> _EXERCISE DIRECTIONS_:
Every line of the material below should be output exactly as written, with the images skipped.

> _DATASET EXTRACT_:
----

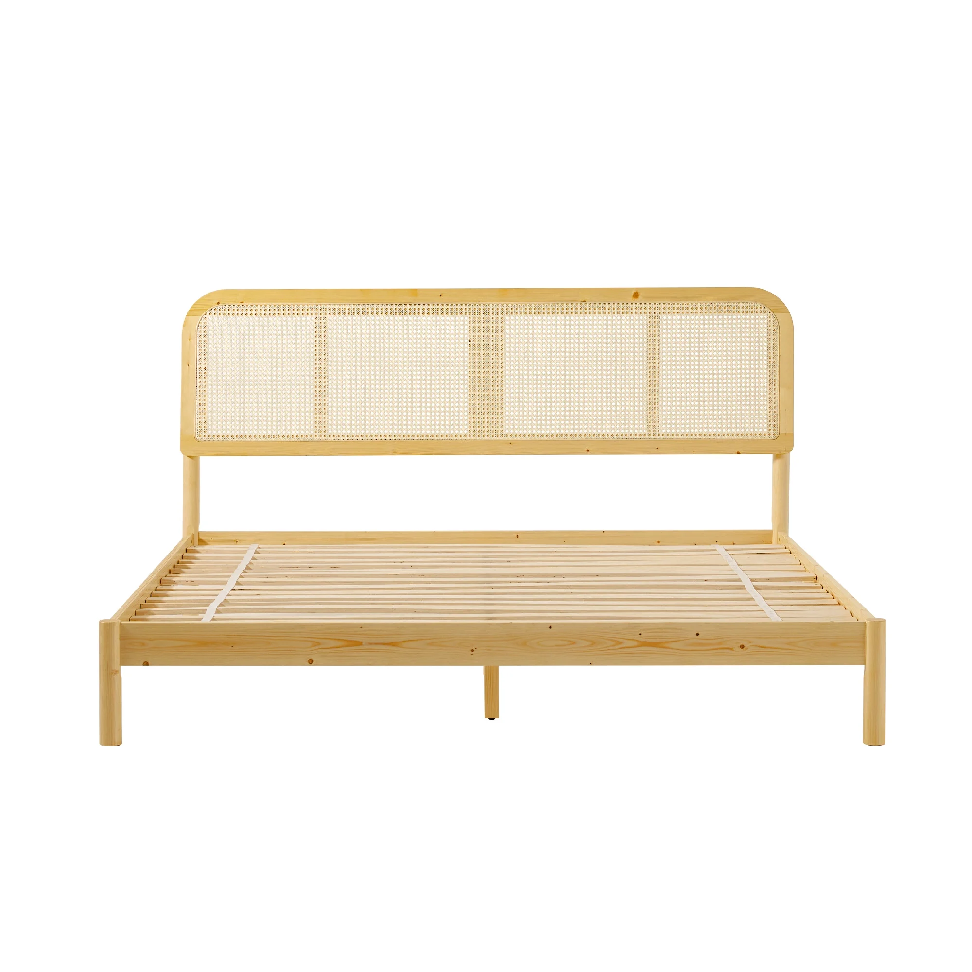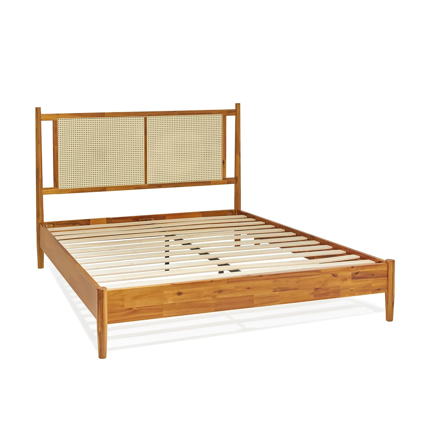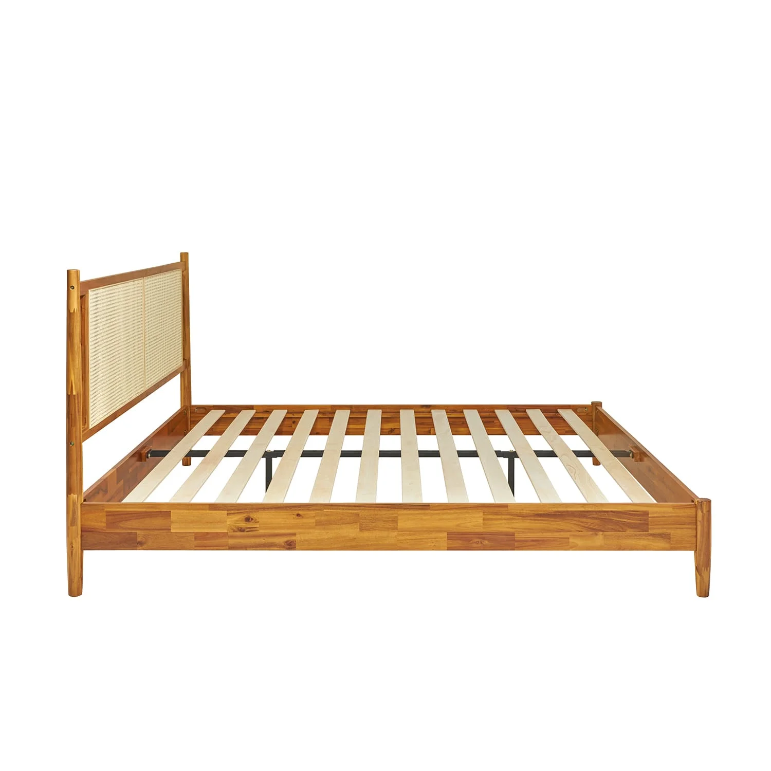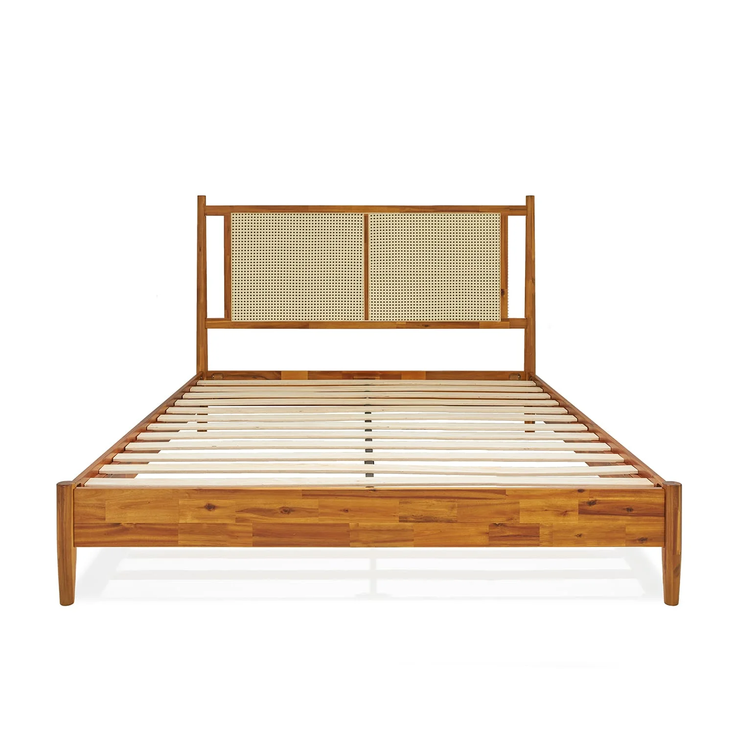 BME Asher 47" Queen Platform Bed Frame, Rattan Headboard, Mid Century and Boho, Solid Wood, Caramel
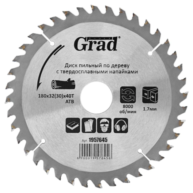 Круг відрізний Grad по дереву з твердосплавними напайками Ø180×32(30)×40Т, 8000об/хв (1957645)
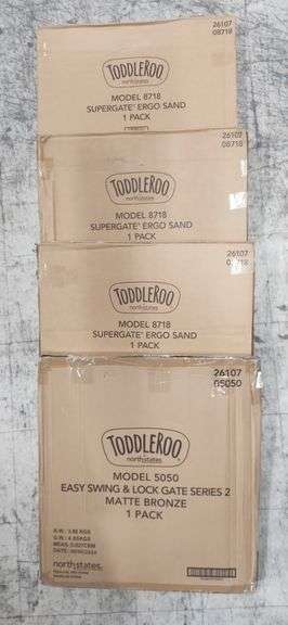 Toddleroo Safety Gate Bundle: 3 Supergate Ergo (Sand) And 1 Easy Swing & Lock (Bronze) | Open Box | (See Condition Notes)
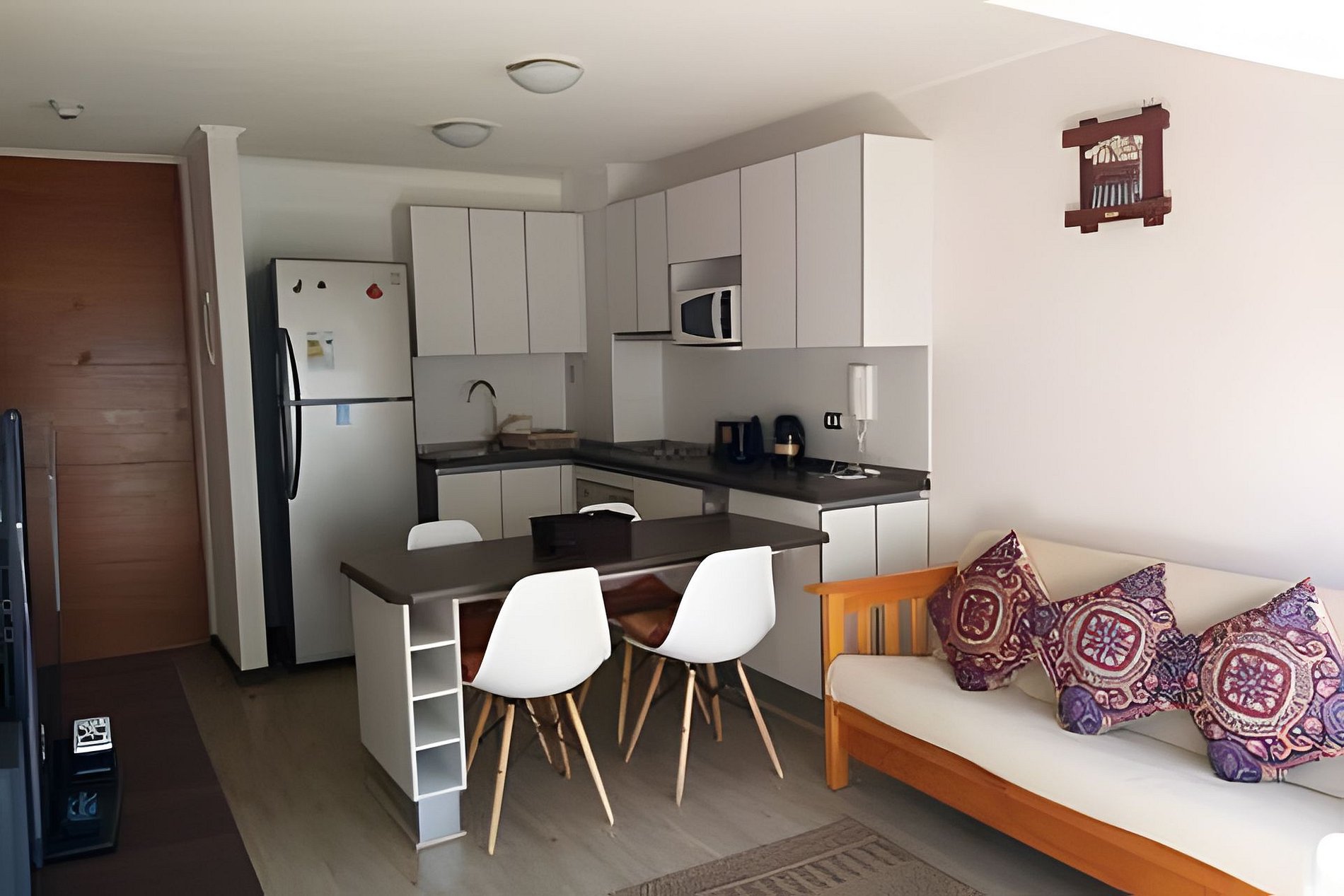 Cómodo departamento en quinto piso de Condominio Pacífico II, ubicado en sector de playa cuatro esquinas. Full equipado para 4 personas, incluye TV cable y WiFi. El departamento cuenta con 2 dormitorios y 2 baños completos, habitación pricipal en suite con cama 2 plazas, segunda habitación con camarote de una plaza, más cocina tipo americana y sala de estar. Linda vista norte hacia la playa y ciudad de La Serena

----

> _OUTPUT FOR THIS TASK_:
 BME Asher 47" Queen Platform Bed Frame, Rattan Headboard, Mid Century and Boho, Solid Wood, Caramel
 Круг відрізний Grad по дереву з твердосплавними напайками Ø180×32(30)×40Т, 8000об/хв (1957645)
 Toddleroo Safety Gate Bundle: 3 Supergate Ergo (Sand) And 1 Easy Swing & Lock (Bronze) | Open Box | (See Condition Notes)
 Cómodo departamento en quinto piso de Condominio Pacífico II, ubicado en sector de playa cuatro esquinas. Full equipado para 4 personas, incluye TV cable y WiFi. El departamento cuenta con 2 dormitorios y 2 baños completos, habitación pricipal en suite con cama 2 plazas, segunda habitación con camarote de una plaza, más cocina tipo americana y sala de estar. Linda vista norte hacia la playa y ciudad de La Serena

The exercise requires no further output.